→ Stored data
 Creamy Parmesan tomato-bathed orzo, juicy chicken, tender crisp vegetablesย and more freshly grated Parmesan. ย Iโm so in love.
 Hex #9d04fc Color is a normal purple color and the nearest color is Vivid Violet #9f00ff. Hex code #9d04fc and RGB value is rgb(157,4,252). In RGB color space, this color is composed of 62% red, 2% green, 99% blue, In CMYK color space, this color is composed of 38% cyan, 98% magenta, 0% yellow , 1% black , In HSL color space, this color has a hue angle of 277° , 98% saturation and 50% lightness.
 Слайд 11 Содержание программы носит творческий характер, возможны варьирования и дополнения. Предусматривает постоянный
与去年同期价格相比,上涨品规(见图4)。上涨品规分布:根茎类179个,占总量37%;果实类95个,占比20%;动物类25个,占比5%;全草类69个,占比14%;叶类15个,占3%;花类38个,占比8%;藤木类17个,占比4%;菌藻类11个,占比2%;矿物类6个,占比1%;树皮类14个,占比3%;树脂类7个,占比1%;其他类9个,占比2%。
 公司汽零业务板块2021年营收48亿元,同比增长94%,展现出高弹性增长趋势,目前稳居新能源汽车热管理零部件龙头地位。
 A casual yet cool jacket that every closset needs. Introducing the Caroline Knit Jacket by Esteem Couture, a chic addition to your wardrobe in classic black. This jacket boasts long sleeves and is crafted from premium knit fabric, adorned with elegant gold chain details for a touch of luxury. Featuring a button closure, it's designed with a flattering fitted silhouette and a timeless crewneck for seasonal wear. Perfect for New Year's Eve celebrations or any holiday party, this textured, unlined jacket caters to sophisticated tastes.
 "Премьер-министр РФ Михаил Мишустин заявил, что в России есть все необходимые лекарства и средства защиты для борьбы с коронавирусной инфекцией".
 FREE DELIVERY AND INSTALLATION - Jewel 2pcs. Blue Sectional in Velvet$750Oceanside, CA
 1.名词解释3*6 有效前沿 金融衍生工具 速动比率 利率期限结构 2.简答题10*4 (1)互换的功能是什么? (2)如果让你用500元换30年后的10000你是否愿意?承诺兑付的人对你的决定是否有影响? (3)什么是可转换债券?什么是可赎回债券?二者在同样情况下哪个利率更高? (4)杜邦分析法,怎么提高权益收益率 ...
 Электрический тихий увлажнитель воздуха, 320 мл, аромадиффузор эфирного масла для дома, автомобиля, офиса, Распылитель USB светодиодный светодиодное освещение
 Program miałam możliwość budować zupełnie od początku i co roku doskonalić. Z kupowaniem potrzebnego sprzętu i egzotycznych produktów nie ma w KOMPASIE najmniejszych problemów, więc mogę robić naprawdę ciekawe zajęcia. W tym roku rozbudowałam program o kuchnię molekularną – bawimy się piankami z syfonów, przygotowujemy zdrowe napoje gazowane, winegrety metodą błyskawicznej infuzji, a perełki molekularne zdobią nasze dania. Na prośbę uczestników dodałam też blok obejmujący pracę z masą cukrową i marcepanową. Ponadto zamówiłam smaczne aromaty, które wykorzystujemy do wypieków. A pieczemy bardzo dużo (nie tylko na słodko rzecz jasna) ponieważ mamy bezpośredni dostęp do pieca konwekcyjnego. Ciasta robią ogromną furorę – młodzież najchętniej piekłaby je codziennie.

→ Your assignment
A full, exact copy of the entries is required. Return it.

→ Task answer
 Creamy Parmesan tomato-bathed orzo, juicy chicken, tender crisp vegetablesย and more freshly grated Parmesan. ย Iโm so in love.
 Hex #9d04fc Color is a normal purple color and the nearest color is Vivid Violet #9f00ff. Hex code #9d04fc and RGB value is rgb(157,4,252). In RGB color space, this color is composed of 62% red, 2% green, 99% blue, In CMYK color space, this color is composed of 38% cyan, 98% magenta, 0% yellow , 1% black , In HSL color space, this color has a hue angle of 277° , 98% saturation and 50% lightness.
 Слайд 11 Содержание программы носит творческий характер, возможны варьирования и дополнения. Предусматривает постоянный
与去年同期价格相比,上涨品规(见图4)。上涨品规分布:根茎类179个,占总量37%;果实类95个,占比20%;动物类25个,占比5%;全草类69个,占比14%;叶类15个,占3%;花类38个,占比8%;藤木类17个,占比4%;菌藻类11个,占比2%;矿物类6个,占比1%;树皮类14个,占比3%;树脂类7个,占比1%;其他类9个,占比2%。
 公司汽零业务板块2021年营收48亿元,同比增长94%,展现出高弹性增长趋势,目前稳居新能源汽车热管理零部件龙头地位。
 A casual yet cool jacket that every closset needs. Introducing the Caroline Knit Jacket by Esteem Couture, a chic addition to your wardrobe in classic black. This jacket boasts long sleeves and is crafted from premium knit fabric, adorned with elegant gold chain details for a touch of luxury. Featuring a button closure, it's designed with a flattering fitted silhouette and a timeless crewneck for seasonal wear. Perfect for New Year's Eve celebrations or any holiday party, this textured, unlined jacket caters to sophisticated tastes.
 "Премьер-министр РФ Михаил Мишустин заявил, что в России есть все необходимые лекарства и средства защиты для борьбы с коронавирусной инфекцией".
 FREE DELIVERY AND INSTALLATION - Jewel 2pcs. Blue Sectional in Velvet$750Oceanside, CA
 1.名词解释3*6 有效前沿 金融衍生工具 速动比率 利率期限结构 2.简答题10*4 (1)互换的功能是什么? (2)如果让你用500元换30年后的10000你是否愿意?承诺兑付的人对你的决定是否有影响? (3)什么是可转换债券?什么是可赎回债券?二者在同样情况下哪个利率更高? (4)杜邦分析法,怎么提高权益收益率 ...
 Электрический тихий увлажнитель воздуха, 320 мл, аромадиффузор эфирного масла для дома, автомобиля, офиса, Распылитель USB светодиодный светодиодное освещение
 Program miałam możliwość budować zupełnie od początku i co roku doskonalić. Z kupowaniem potrzebnego sprzętu i egzotycznych produktów nie ma w KOMPASIE najmniejszych problemów, więc mogę robić naprawdę ciekawe zajęcia. W tym roku rozbudowałam program o kuchnię molekularną – bawimy się piankami z syfonów, przygotowujemy zdrowe napoje gazowane, winegrety metodą błyskawicznej infuzji, a perełki molekularne zdobią nasze dania. Na prośbę uczestników dodałam też blok obejmujący pracę z masą cukrową i marcepanową. Ponadto zamówiłam smaczne aromaty, które wykorzystujemy do wypieków. A pieczemy bardzo dużo (nie tylko na słodko rzecz jasna) ponieważ mamy bezpośredni dostęp do pieca konwekcyjnego. Ciasta robią ogromną furorę – młodzież najchętniej piekłaby je codziennie.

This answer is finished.